Тяжело дыша, дрожа всем телом, Койл спросил: - Что это, блядь, было?
Эйке просто покачал головой, крепко зажмурив глаза, изо рта текла слюна.
Гвен обеими руками удерживая сигарету, вытянула ее.
– Там, - сказала она.
– Там женщина... по крайней мере, я думаю, что это женщина.
С ледяным ветром, кружащим в его сердце, Койл вошел в комнату обсерватории.
Она была довольно большой с ее банками нейтронных детекторов и систем сбора данных и трубами борного газа. Бумаги, файлы и схемы были разбросаны вокруг, как будто там бушевал хороший ветер. Он сразу вспомнил состояние комнаты Слима. Он обошел рабочие станции и оборудование, воздух был испорчен неприятным химическим запахом. Свернувшись калачиком у стены, подтянув колени к подбородку, женщина покачивалась взад и вперед в медленном ритме. Она была голой.
Койл был безмолвен.
Он решил, что ей около тридцати пяти. Она была худой и длинноногой, с маленькой грудью, ее темные и спутанные волосы свисали на лицо, но больше он ничего не мог сказать. Все ее тело блестело от какой-то прозрачной слизи, похожей на послед. Когда он сделал шаг вперед, она вздрогнула, и легкая вибрация прошла по полу.
Он отступил.
От нее исходил этот химический запах, горячий и едкий.
От него у него слезились глаза.
Температура в обсерватории была около пятидесяти градусов, и она должна была дрожать, но нет. Напротив, от нее волнами исходил лихорадочный жар.
Ее ноги были притянуты, руки обхватывали их, лицо уткнулось в ложбину между колен. Она не поднимала голову.
Гвен вошла в комнату, но осталась в дверном проеме.
Мгновенно вибрации усилились, и Койл почувствовал, как все внутри него сжалось. Пол завибрировал, а стены затряслись. Свет мигал. Воздух пропитался тошнотворной вонью озона. Он услышал... дикие, визжащие звуки и царапающие шумы, доносившиеся сзади, сверху, отовсюду. Затем они стихли.
– Что, черт возьми, происходит, Никки?
– спросила его Гвен.
– Я не знаю. Вдыхая и выдыхая, он позволил себе расслабиться. С некоторым беспокойством заметил следы от уколов на руках и ногах женщины, сеть бледно-розовых шрамов на висках.
"Мисс? Мисс? Вы меня слышите? Меня зовут Койл, Никки Койл. Я работаю здесь, на станции Полар Клайм..."

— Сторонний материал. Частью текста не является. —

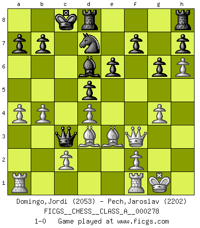 Last move : 1-0 2024 August 12 15:32:33 [Event "FICGS__CHESS__CLASS_A__000278"] [Site "FICGS"] [Date "2024.04.04"] [Round "1"] [White "Domingo,Jordi"] [Black "Pech,Jaroslav"] [Result "1-0"] [WhiteElo "2053"] [BlackElo "2202"] 1.e4 d5 2.exd5 Qxd5 3.Nc3 Qa5 4.d4 Nf6 5.Nf3 c6 6.Bc4 Bf5 7.Ne5 e6 8.g4 Bg6 9.h4 Nbd7 10.Nxd7 Nxd7 11.h5 Be4 12.O-O Bd5 13.Nxd5 cxd5 14.Bd3 Bd6 15.Qf3 O-O-O 16.b4 Qc7 17.a4 g6 18.h6 Qc3 19.Be3 1-0 This chess game has been lost on time (started : 2024.04.04 17:29:36) Follow this game move after move (download)Help your pieces so they can help you. (Paul Morphy) Es ist wirklich schade, dass so viele Schachspieler nicht auf ihr Äußeres achten! (Alexandra Kosteniuk) Alguna parte de un error es siempre correcto. (Savielly Tartakover) Les écrivains ont utilisé les échecs pour analyser les côtés extrêmes de la nature humaine. Dans ce cadre, les échecs offrent un champ d'expérimentation idéal. Mais on pourrait faire la même chose avec la peinture. Et là, en vous référant à Van Gogh, vous ne tirerez pas de conclusion définitive sur les peintres. (Gary Kasparov) Winning isn't everything... but losing is nothing. (Mednis)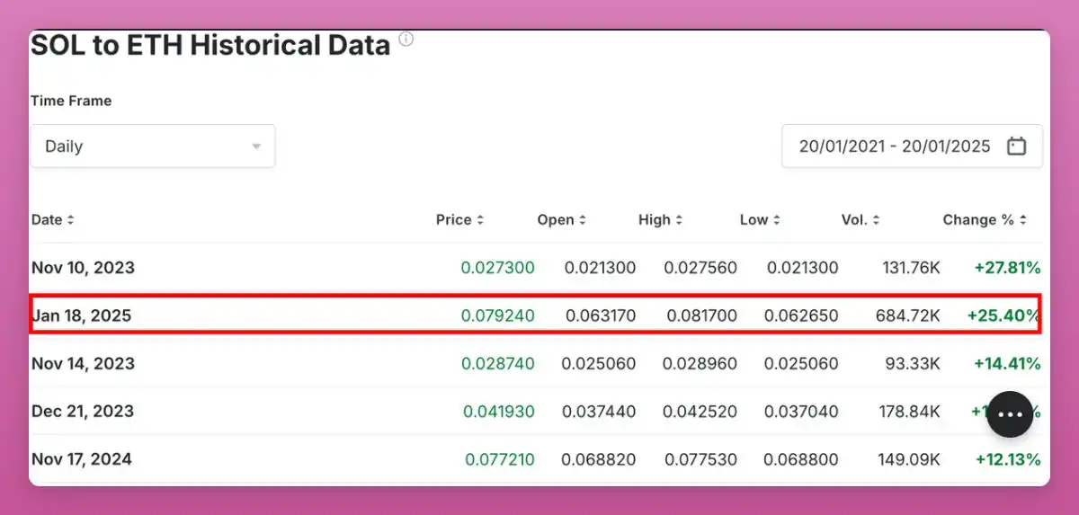 $TRUMP 代币上线当天,SOL 对 $ETH 的汇率出现自 2021 年以来的最大单日涨幅,高达 25%。

Она подняла голову, и он увидел ее лицо.
У него возникло безумное желание закричать. Лицо было искажено глубокими линиями, глаза были полностью белыми, такими огромными, что они выглядели как бесцветные яичные желтки, сочащиеся и скользкие. Рот был изогнут в восковой ухмылке осквернения. Когда она заговорила, ее голос был глубоким, разрушенным и потерянным: "Бог не будет тем, кто зовет тебя. Ибо тебя трижды называли дьяволы древности. Собери во их имя и дай им то, что принадлежит им... и только им..."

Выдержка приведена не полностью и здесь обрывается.